The old women sat,
as if waiting for the answers
to the questions asked so long ago.
Picking at her wedding ring,
staring off into a world only she can picture...
It was her past, as she saw it,
and no other could touch on her visions.
Unconsciously in ponder,
of yet another Thanksgiving Day,
without her husband...
a father, a grandfather,
a man of all moral decency,
with statutes
similar to that of a Pilgrim’s;
No need to make any stands here.
I knew she was thinking of him
when she looked down at her ring.
She missed him.
One by one her children came,
with their children,
kissing her softly,
greeting her in a holiday voice.
Some brought gifts and cards
and others just brought food to share.
I looked out among the trees
and a leaf was falling...
slowly,
descending towards the earth.
I thought of the old women.
Heeding her grand purpose among the family,
Soon she would leave all her memories behind,
beyond the branches of our tree.
Lately,
the usual visits with grandma
met us one on one with her,
but this Thanksgiving we will all be together!
While cherishing the time left,
she will still squint and smile at us,
and we will gaze at her,
without her knowing,
thinking about it all, would-if’s and maybe’s...
Oh how she does everything with such ease!
No hesitations, she just does!
Daily routines have worn grooves in her hands,
flattened her arches and hunched her back a little.
Her frown is constant and even more so,
it’s never really been a frown,
it’s a genetic thing!
Back to my leaf...
As it was falling
I watched it sail down
back and forth,
I thought about her life.
Slowly feeling the air beneath her body
rocking her gently, like a lullaby...
I can hear the melody of her years within us...
I can see her eyes slowly closing
and then I picture her being set,
so gently,
on the cushioned grasses.
I must do more for her before this happens!
I want to capture her voice
and hear all her stories,
right from the horses mouth,
so I speak.
I want to share her life
with my children and their children
and know always,
somewhere,
someone,
will never, ever, forget me!
Her life was simple,
and yet, more difficult than most.
As I put those same adjectives together
somehow it doesn’t make any sense.
Simple and Hard.
How can something be both?
I find myself going off on a tangent here...
So, Stop me,
(‘cause I can... )
I’m writing about myself here.
I always want to change the subject when I write about me.
I’d want, rather...to write about you!
Leaves falling...
and "death..."
I ‘m writing about my own death,
and how I think they...
May be?...
How will they think
in the years of my last?
Staring at me, no longer young.
I remember helping my mom in the end...
It was sad to be standing there,
holding onto her arm,
watching her strength diminish within seconds.
I see, knowing, realizing...
this is my mom
and she’s not going to be here much longer.
It’s been years and I still miss her!
They will miss me too and "Ya know what?", she says...
" I am so happy
to know that those thoughts
are evenly put there for everyone to have!
Especially, when there is so much love in a family,
you just know in your heart...
you just know...
Some, might not give gifts, or call, or stop by for a visit...
But, a mother knows who loves her.
It’s inbred in our subconscious.
A women knows who loves her!
Period!
We can question all our lives,
but if we are loved
by a certain someone,
deeper down
we know that the questioning itself is the answer!
Oh!

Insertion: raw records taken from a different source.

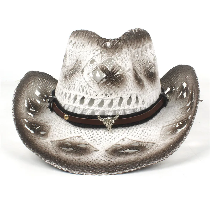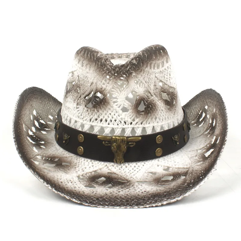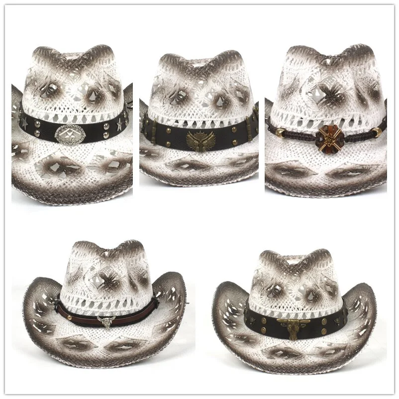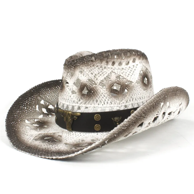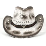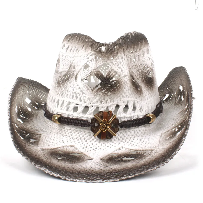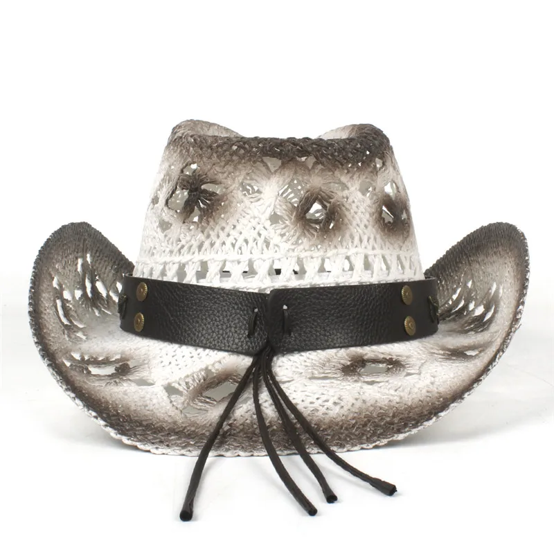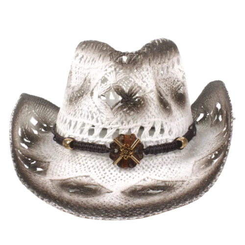 Trendiger Strohhut in Weiß und Braun mit Lederdetail – Der perfekte Westernlook für Cowgirls und Cowboys
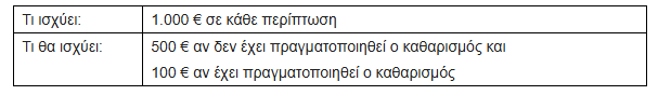 - Θέσπιση και ανώτατου ορίου προστίμου 2.000 € (10πλάσιου του ελαχίστου των 200€) για τη μη εκπλήρωση της υποχρέωσης του καθαρισμού.
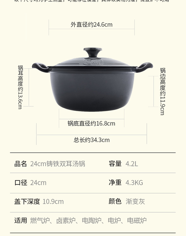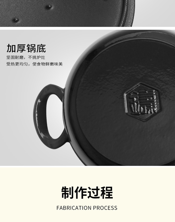 铸味 | 24cm-25cm铸铁锅珐琅双耳长柄汤锅 大耳朵珐琅汤锅家用加厚生铁锅双耳焖烧炖锅磁炉
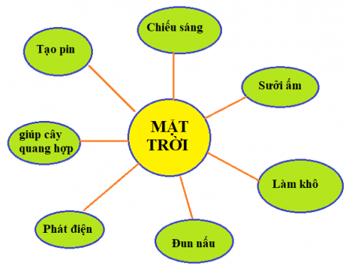 Mặt trời chiếu sáng và sưởi ấm muôn loài, giúp cho cây cối quang hợp để phát triển và xanh tốt, người và động vật khoẻ mạnh.
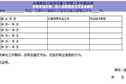 收入证明是借款人向贷款机构提供的一种证明文件,用于证明其具有一定的还款能力,这份证明通常来自雇主,详细列明借款人的职务、工作时间以及收入情况,在贷款申请过程中,收入证明起着至关重要的作用,贷款机构通过收入证明评估借款人的还款能力,从而决定是否批准贷款申请,一个稳定的、足够的收入能大大提高贷款申请的成功率。
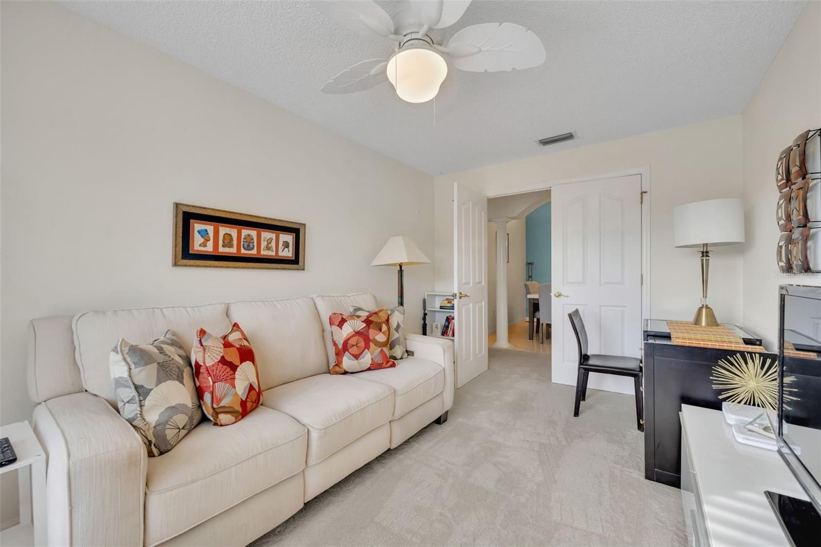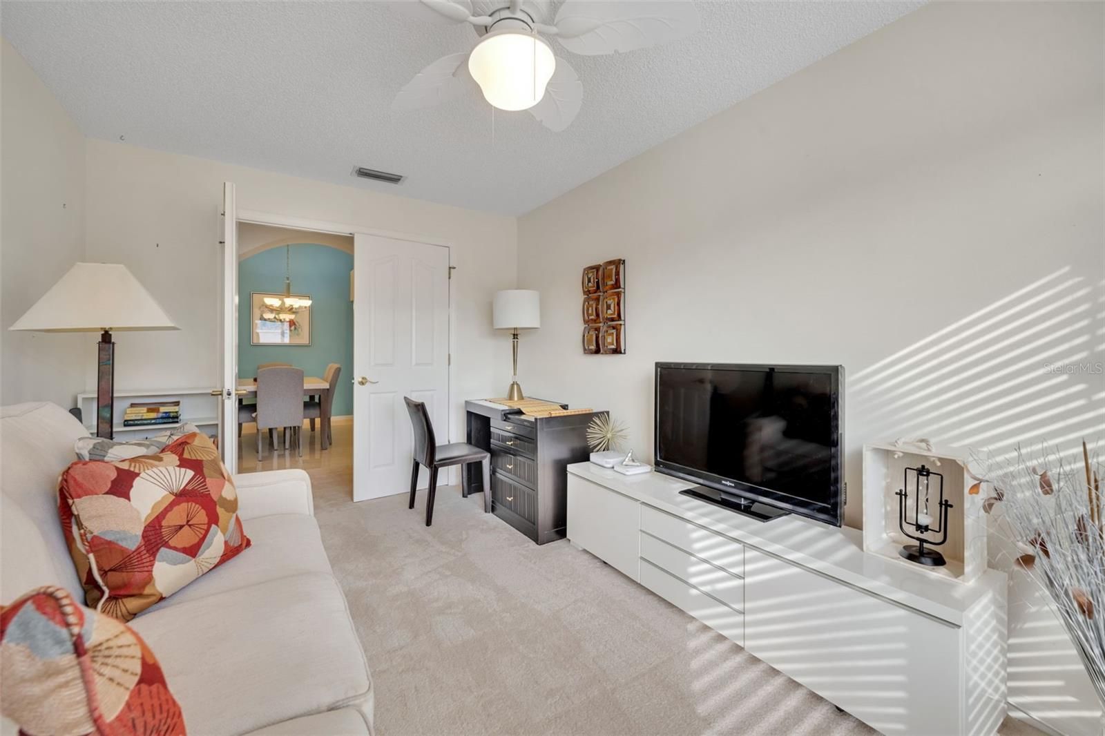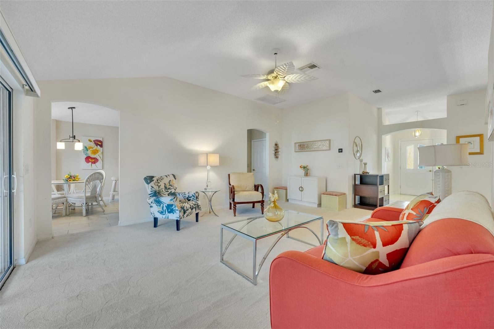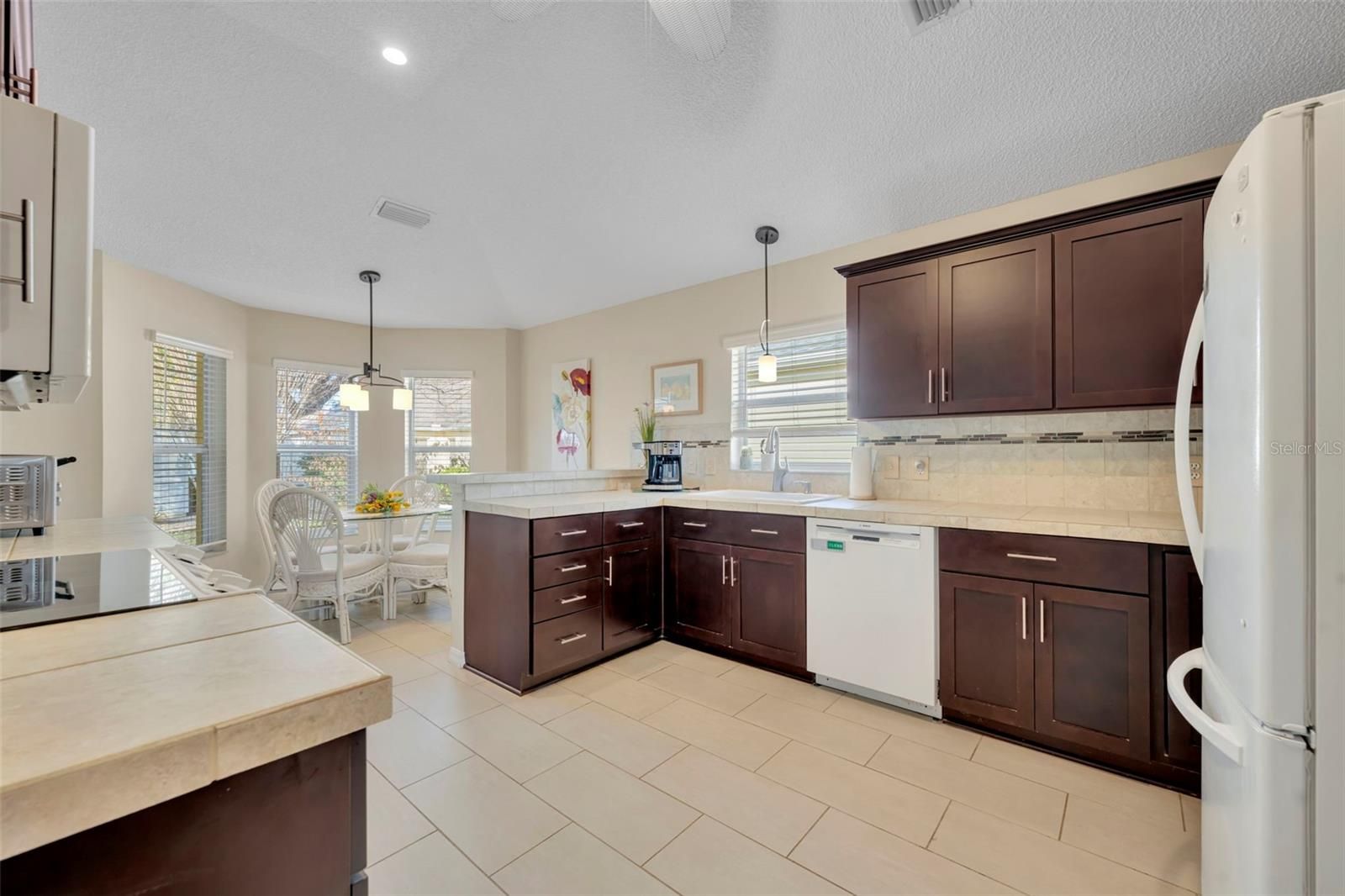 Location, Lifestyle, and Value — This Beautifully Updated Home in The Villages Has It All! BOND IS PAID!!! Welcome to this charming and well-appointed 2-bedroom, 2-bath home with a versatile BONUS ROOM that can easily serve as a THIRD BEDROOM, home office, hobby space, or den, offering flexibility to fit your lifestyle. The heart of the home is the beautifully upgraded kitchen, featuring gorgeous countertops, upgraded cabinetry with convenient pull-outs, a stunning stone backsplash, oversized kitchen sink, breakfast nook and quality appliances including a Bosch dishwasher, GE range and microwave, and Kenmore refrigerator — perfect for both everyday living and entertaining. One of the standout features is the unique dining room, a rare and inviting space that adds character and functionality, making gatherings with family and friends truly special. Throughout the home you’ll find brand-new carpet, creating a fresh and comfortable feel. The spacious primary suite offers dual vanities and tile flooring, providing both style and convenience. Step outside and enjoy Florida living at its best with a 9x20 screened lanai plus an additional patio area ideal for grilling or relaxing outdoors. The large garage provides ample storage, and a golf cart with brand-new batteries is included, making it easy to start enjoying The Villages lifestyle immediately. Additional highlights include: 2019 ROOF Samsung washer & dryer 1,534 sq. ft. of comfortable living space Furniture and furnishings negotiable Perfectly positioned for convenience, this home is: Approximately 10 minutes to Spanish Springs Town Square Only 14 minutes to Lake Sumter Landing Just minutes from the Savannah Center and the El Santiago swimming pool for entertainment, events, tennis and pickleball courts!! If you love to golf the El Diablo Executive Golf Course if minutes away!!! Located on a quiet street in a peaceful village, you’ll appreciate the serene setting — and on clear evenings, you can even watch rocket launches from Cape Canaveral right from your front yard, a truly special Florida experience. Whether you’re looking for a full-time residence or seasonal retreat, this home combines comfort, upgrades, and an unbeatable location. Schedule your private showing today and start living The Villages lifestyle!

If you must ask, so sad!
I know all my children love me!
What a wonderful, wonderful minds eye!
Today, I am this really old grandma
and when this happens,
I see each and every one...
watch that same leaf falling and thinking
all the same things about their life.
Evenly.
Thank you God for the leaves!
It gives us such purpose in death!
I do love this time of year...
Family!
That’s all it means.
So,
Where will you spend Thanksgiving now?
In The End.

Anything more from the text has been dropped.